Oleh
Francis Wahono
SEMAI (Social Ecolonomics & Management Institute)
Cindelaras Paritrana Foundation, Indonesia
Pendahuluan
Bukan ketiadaan
senjata yang membuat sebuah bangsa tidak bertahan lagi alias ambruk, tetapi
karena tidak tersedianya pangan yang cukup untuk rakyatnya. Tanpa laras bedil,
tetapi dengan perut kenyang, seorang warga masih dapat adu jotos untuk
mempertahankan sejengkal tanah airnya. Namun dengan seribu laras bedil, tetapi
perut lapar, seorang warga tidak kuat mengayunkan sebilah bayonet. Kini, di
dunia, minimal ada satu negara, yakni Korea Utara, yang mempergunakan sumber
dayanya untuk membangun persenjataan nuklir, sementara rakyatnya dalam bahaya
kelaparan, menerima belas kasih sumbangan pangan dari negara-negara musuhnya.

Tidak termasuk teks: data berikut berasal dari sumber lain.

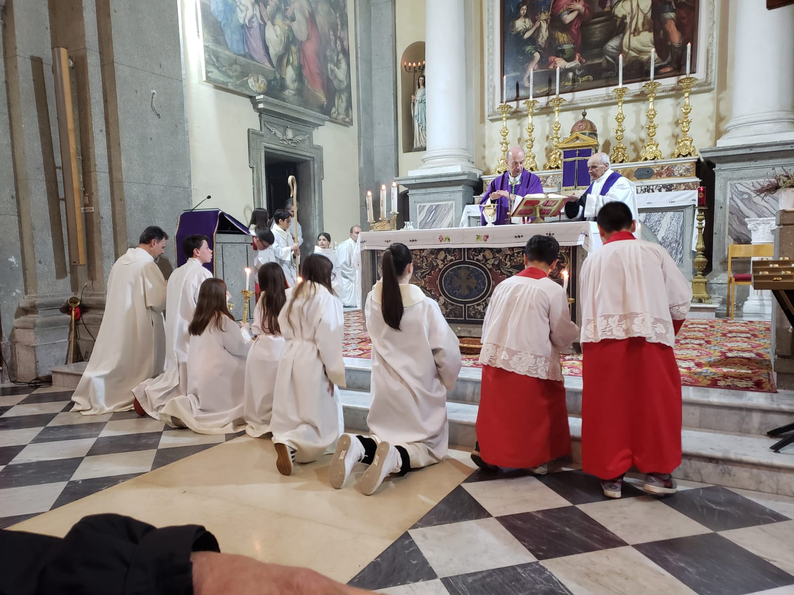 Dopo essere stati accolti dal Priore e dai frati e dalla comunità del Convento, i ministranti e le ostiarie, accompagnati dai loro animatori e dai genitori, hanno effettuato il servizio liturgico alla Santa Messa celebrata dal nostro vescovo  Stefano Russo.

Kebalikannya adalah negara Cuba, yang kendati kalah dalam hal senjata dan
blokade ekonomi dari USA dan sekutunya, namun karena mampu menyediakan pangan
sendiri, secara organik lagi, maka mampu bertahan sebagai bangsa. Maka adalah
sebuah ironi besar, bila setelah swadaya beras tahun 1985, pemerintahan Orde
Baru sampai kini orde-orde reformasi, memilih untuk membuka lebar-lebar kran
impor beras dan sereal utama lainnya (jagung dan kedelai) serta gula, dengan
menurunkan tarif masuk pangan hampir nol persen. Kalau negara-negara maju,
dengan berbagai cara subsidi non-tarif dan tarif (ada yang sampai 400 persen),
melindungi produsen pangan dalam negerinya, maka pemerintah kita berlomba untuk
menjadikan Indonesia pasar terbuka lebar bagi pangan dari negara-negara maju
dan berkembang lainnya. Dalih pemerintah adalah efisiensi, dalam arti membuat
harga pangan murah dalam negeri. Mereka dengan sengaja mengkhianati dan
menzalimi petani, si produsen sereal dan gula. Mereka tidak mau mengakui bahwa
produsen pangan adalah mayoritas pekerjaan bangsa Indonesia. Kalau ongkos
produksi pangan mereka relatif menjadi lebih mahal daripada pangan impor,
apalagi semua bentuk subsidi saprotan (saranan produksi pertanian) dicabut,
maka mereka otomatis akan berhenti produksi.